The photographer, sitting to my right, and I exchanged concerned glances. Was the driver, sat to our respective elbows, up to the task of driving a car at aircraft speeds on a not deserted autobahn? Probably yes.

I could see Thomas Bscher’s eyes looking piercingly down the road, his throttle foot poised to cross over to the brake pedal in micro seconds in case a car ahead started to stray into our lane. Not unlike when Bscher drove the racing version of this McLaren F1 at Le Mans.

F1 designer Peter Stevens had told me that McLaren had had a car in for a regular service and when they downloaded data from its ECU discovered that nearly every time that the car had been used it had clocked over 200mph.

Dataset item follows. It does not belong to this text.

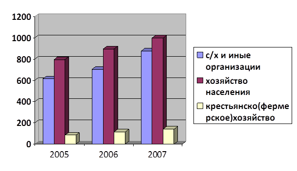 Изучив таблицу, мы видим, что сельскохозяйства и иные организации в 2005году составляла денежная масса 615,6млрд.руб.,а в 2007году 875,9млрд.руб., следовательно за 2а года денежная масса возросла на 260.3млрд.руб.Хозяйство населения в 2005году составляло 794,5млрд.руб.,а в 2007году составило 1001,1млрд.руб.,из этого следует, что денежная масса хозяйства населения возросла на 206.6млрд.руб.за 2а года. И наконец крестьянское (фермерское) хозяйство за 2а года возросло на 56.2млрд.руб. На основание данных таблицы, следует, что денежная масса сельско хозяйственной промышленности с каждым годом возрастает, причём во всех категориях хозяйств. Также в данной таблице показана денежная масса хозяйства всех категорий: в 2005году она составляло 1494,6, в 2006году 1711,3 и наконец в 2007году 2017,2.

It turned that Bscher – as well as being a successful privateer racing driver – was a banker who regularly had to commute from his home in Cologne to the stock exchange in Frankfurt. For this journey he used his F1 a) because he could and b) because he discovered that it took 20 minutes off his commuting time.

The car of choice for the world's fastest commuter

The car of choice for the world's fastest commuter

He was the world’s fastest commuter. I had to meet the guy.

And that’s how I came to be sat in a McLaren at such a frightening speed. It was, and still is, the fastest I’ve ever been on a public road. I have done a smidge over 200mph in a Lamborghini Diablo but there could have been a bit of Italian speedometer error in there. Felt bloody fast though.

But not as fast as 215mph. A spec in the distance very soon became a truck. Wisely, Bscher lifted off and braked so that we were only doing 175mph or so when we passed it. It didn’t take long to accelerate back up to the double ton.

There’s a misconception among those who have not spent much time on German autobahns that all traffic is thrashing along at 150mph. Occasionally you will spot an Audi RS6 or other high performance saloon hammering along at that pace but more often you’re in heavy traffic. There is a a stretch of autobahn in the north that is a road to nowhere (for some reason the road wasn’t completed) and that is almost always quiet. But autobahns connecting the big cities get very busy.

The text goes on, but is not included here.